Start of Supplied records

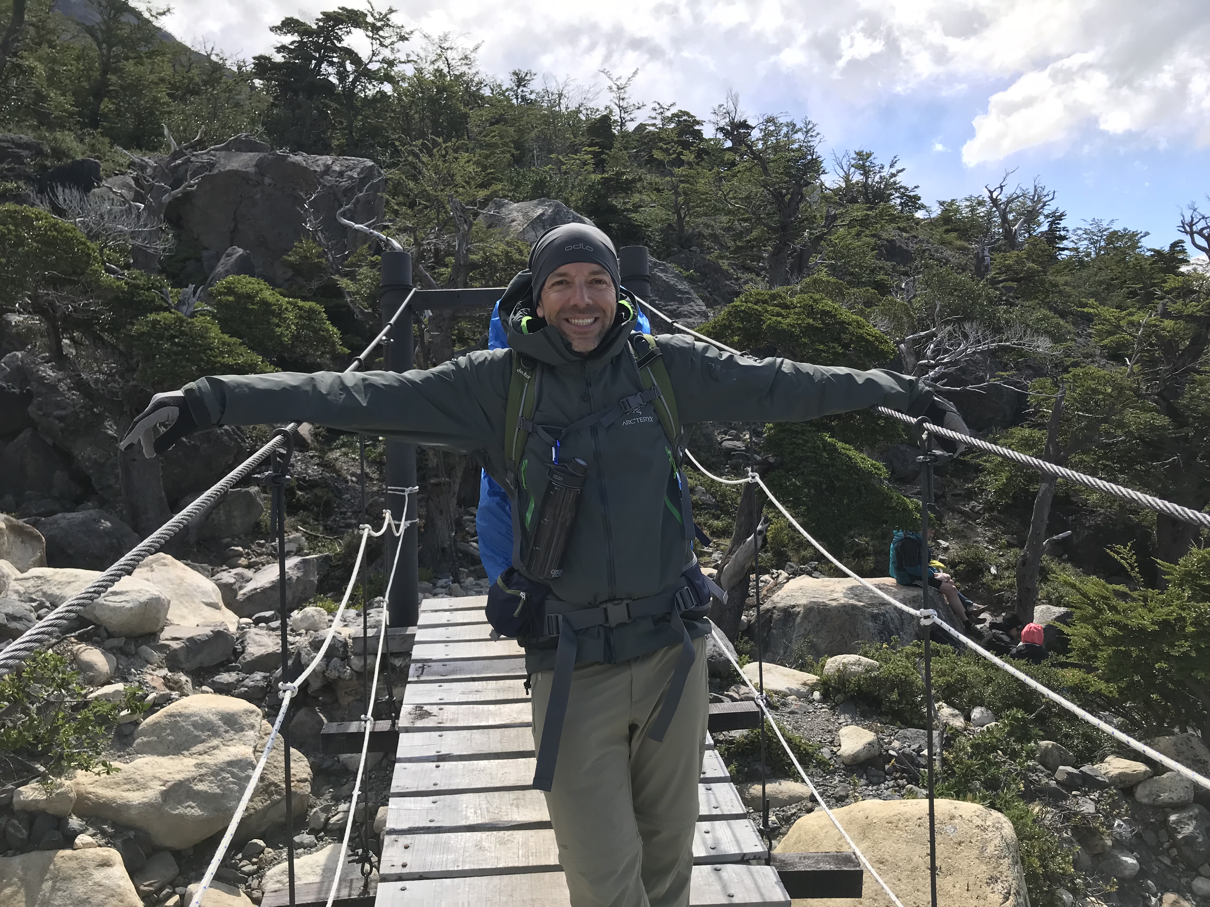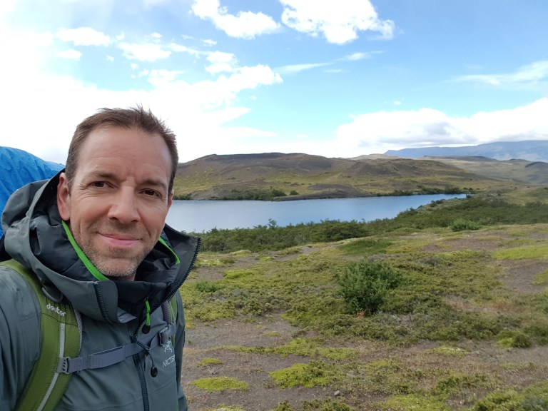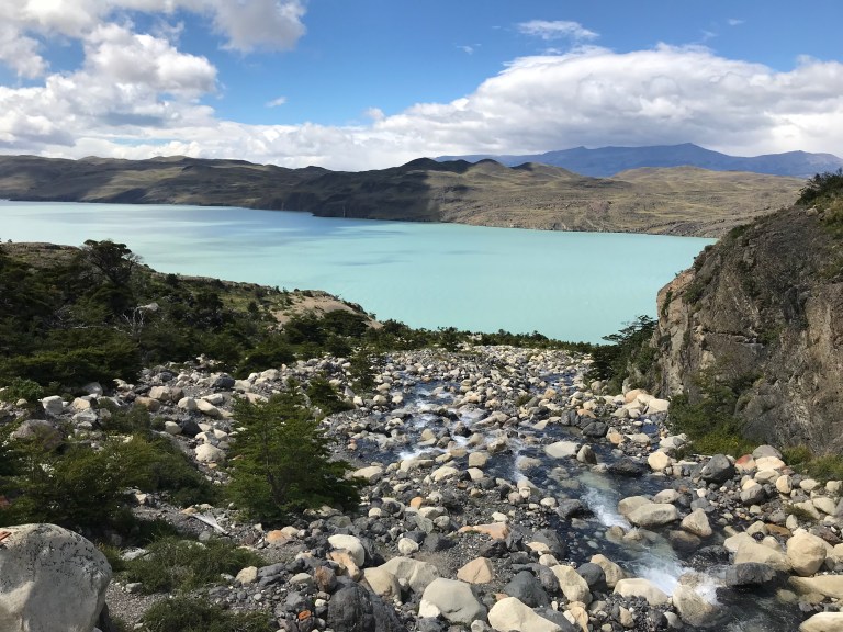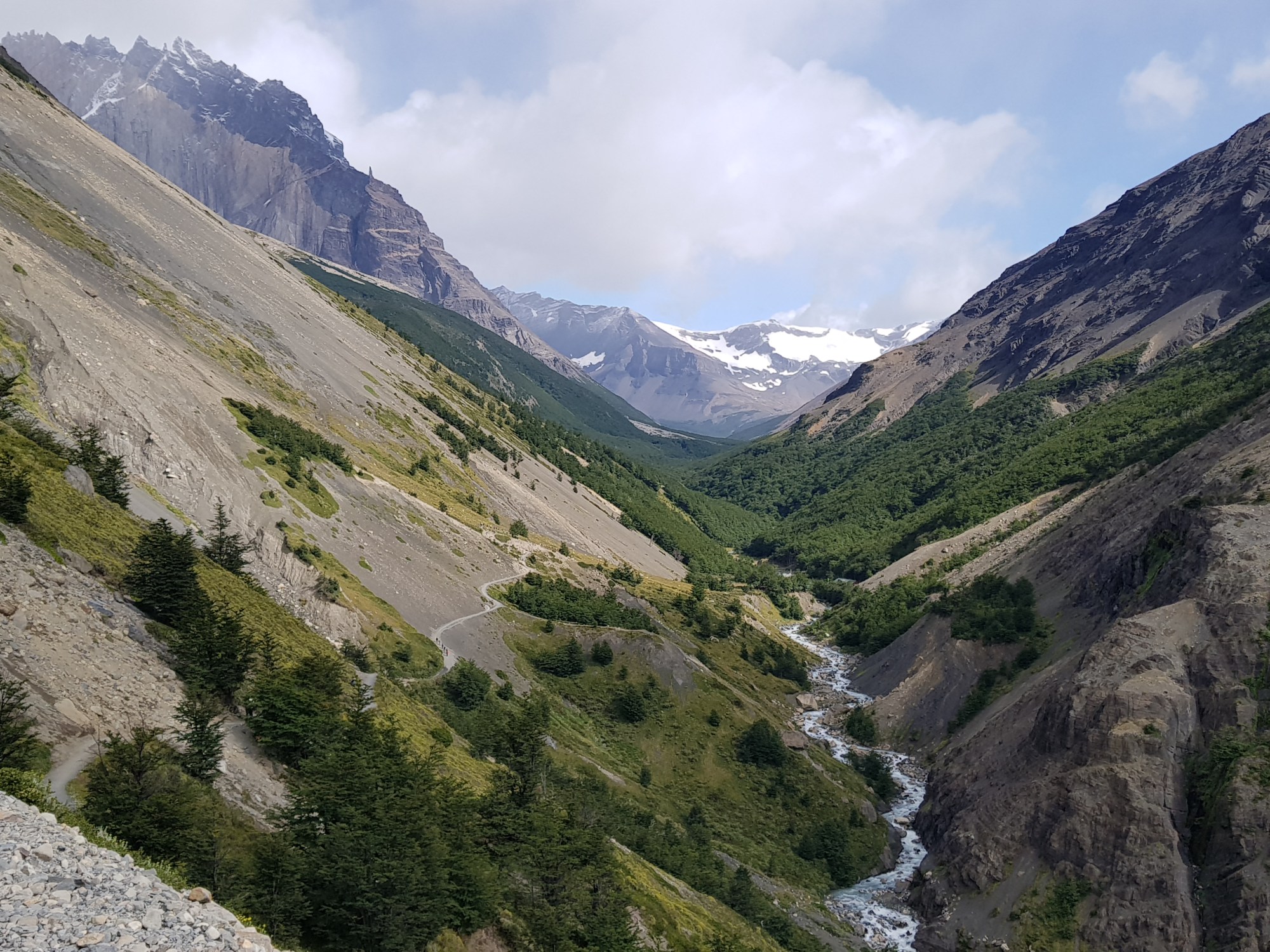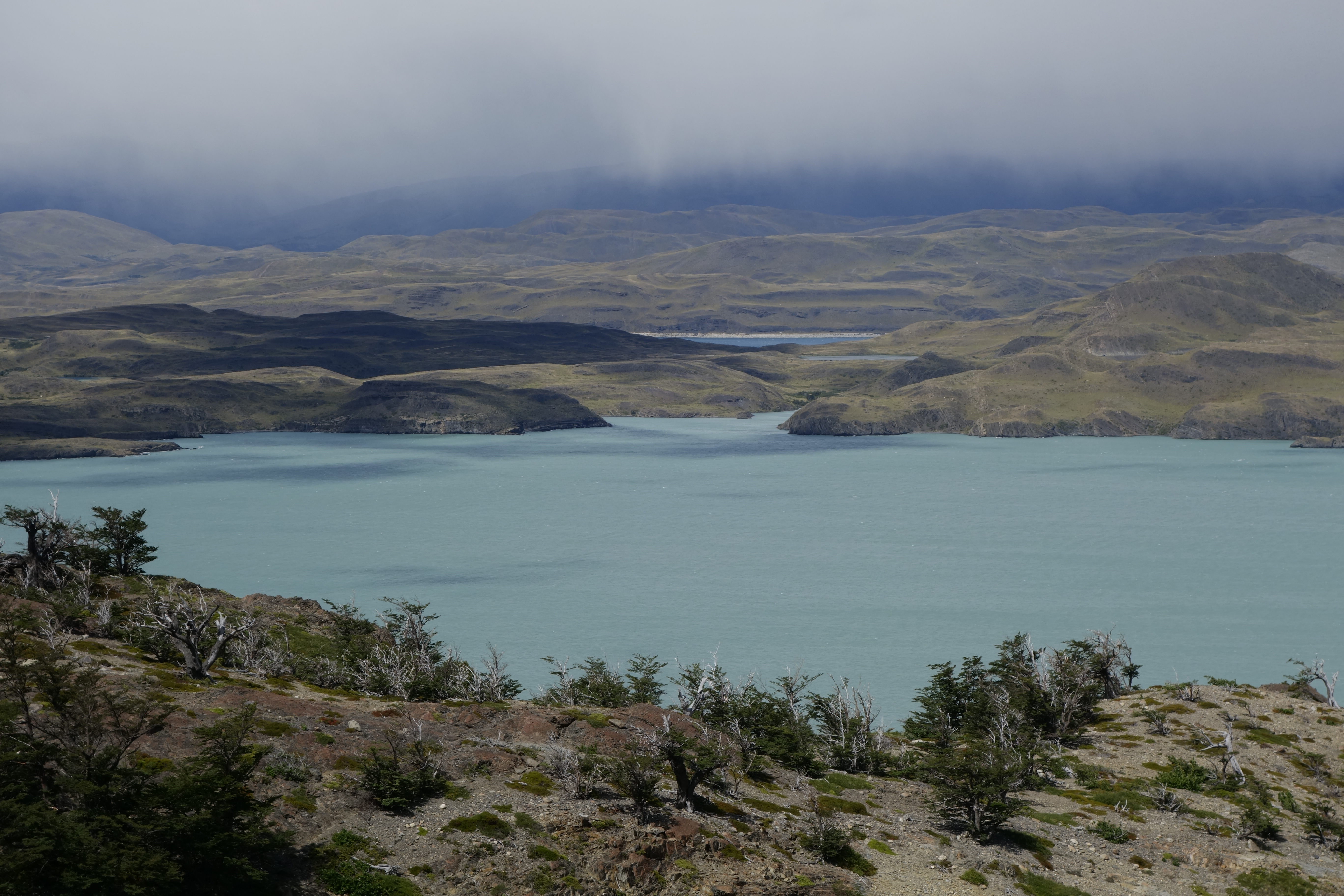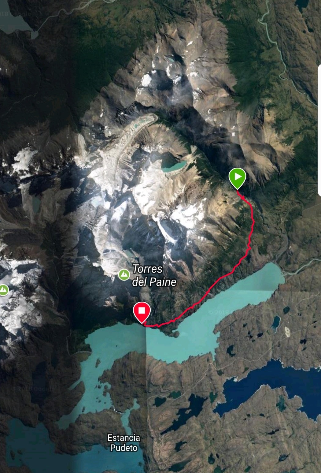 We start late. Todays walk is medium, mostly downhill, from the Refugio El Chileno, where we have slept, to Refugio Los Cuernos along Nordernskjöld lakes shore. We leave Camp El Chileno together with swiss Sonja.
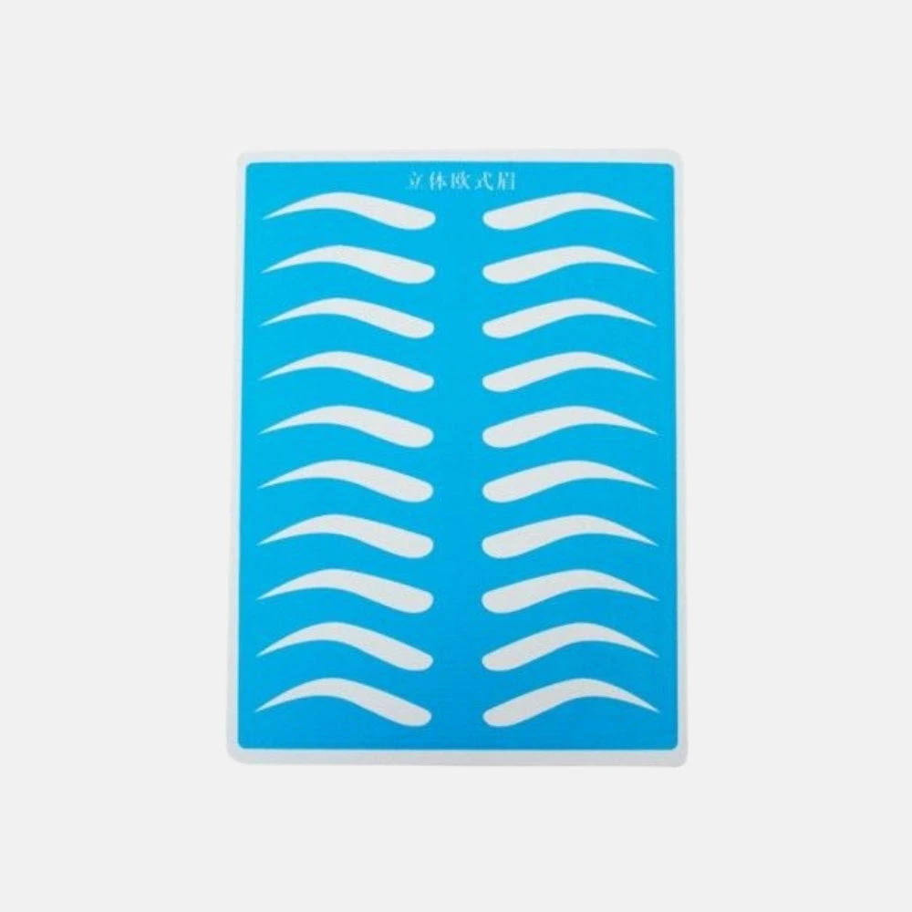 Plantilla de silicona que simula la piel para realizar prácticas de microblading. Por un lado tiene 10 pares de cejas sin rellenar perfectas para dibujar el pelo natural. La otra cara está en blanco.
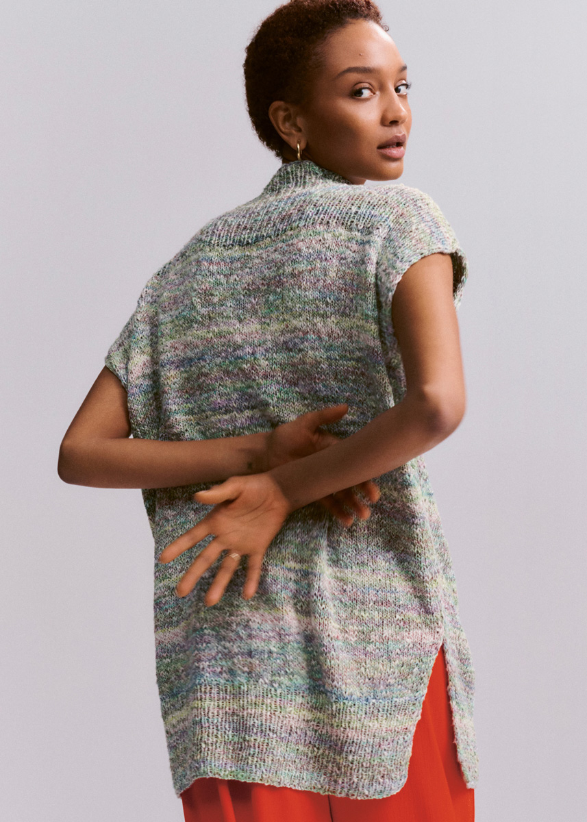 Lana Grossa-kvalitet „About Berlin Vanity“ (54 % bomull, 21 % viskos, 13 % silke, 12 % polyamid, löplängd 100 m/50 g): ca. 450 (500 – 550) g grön/jeans/pastellrosa/natur färgglad (färg 5); stickor nr. 3,5 och 5.
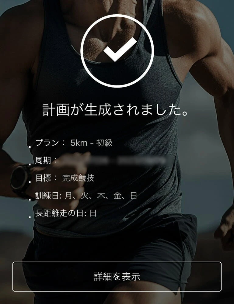 回答が完了すると、AIが最終的なランニングプランを作成してくれる。
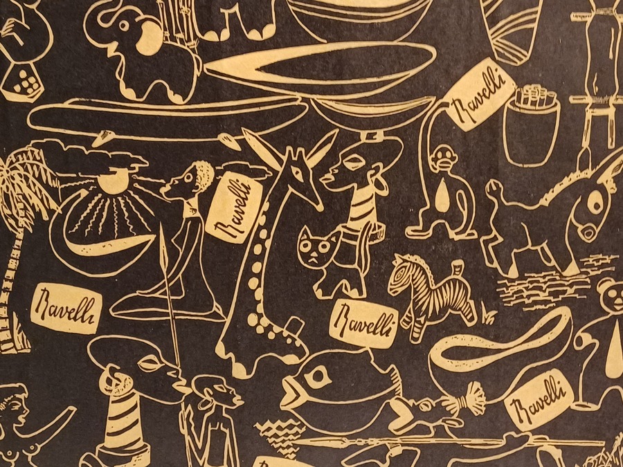 Ongebruikt stuk inpakpapier van Potterie Ravelli. Met decoratie van een variatie aan dierfiguren en ander werk van zijn hand.
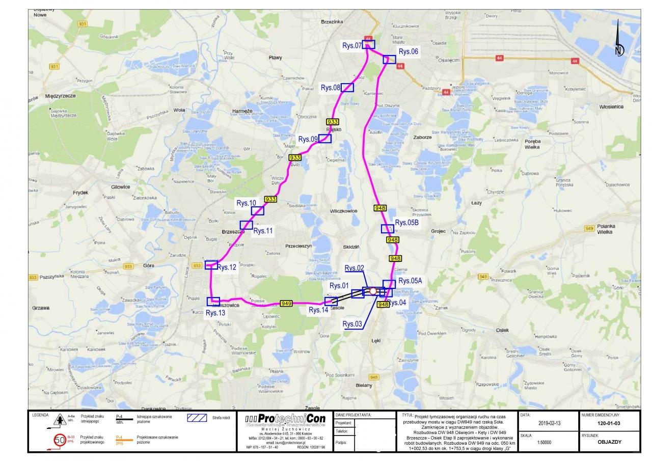 Poniżej: "Projekt tymczasowej organizacji ruchu na czas przebudowy mostu w ciągu DW 949 nad rzeką Soła. Zamknięcie z wyznaczeniem objazdów".
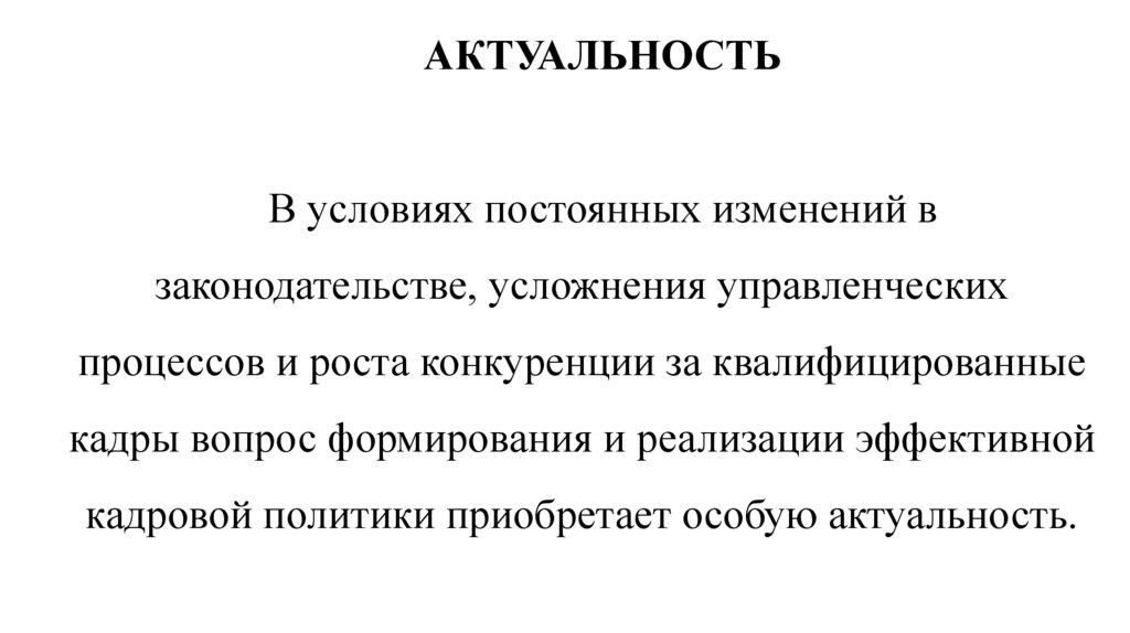 АКТУАЛЬНОСТЬВ условиях постоянных изменений в

End of Supplied records

_Assignment_. The line containing "tymczasowej organizacji ruchu" and every line after it, through the end of the data, are to be output exactly. Omit the pictures.

_Answer to this problem_.
 Poniżej: "Projekt tymczasowej organizacji ruchu na czas przebudowy mostu w ciągu DW 949 nad rzeką Soła. Zamknięcie z wyznaczeniem objazdów".
 АКТУАЛЬНОСТЬВ условиях постоянных изменений в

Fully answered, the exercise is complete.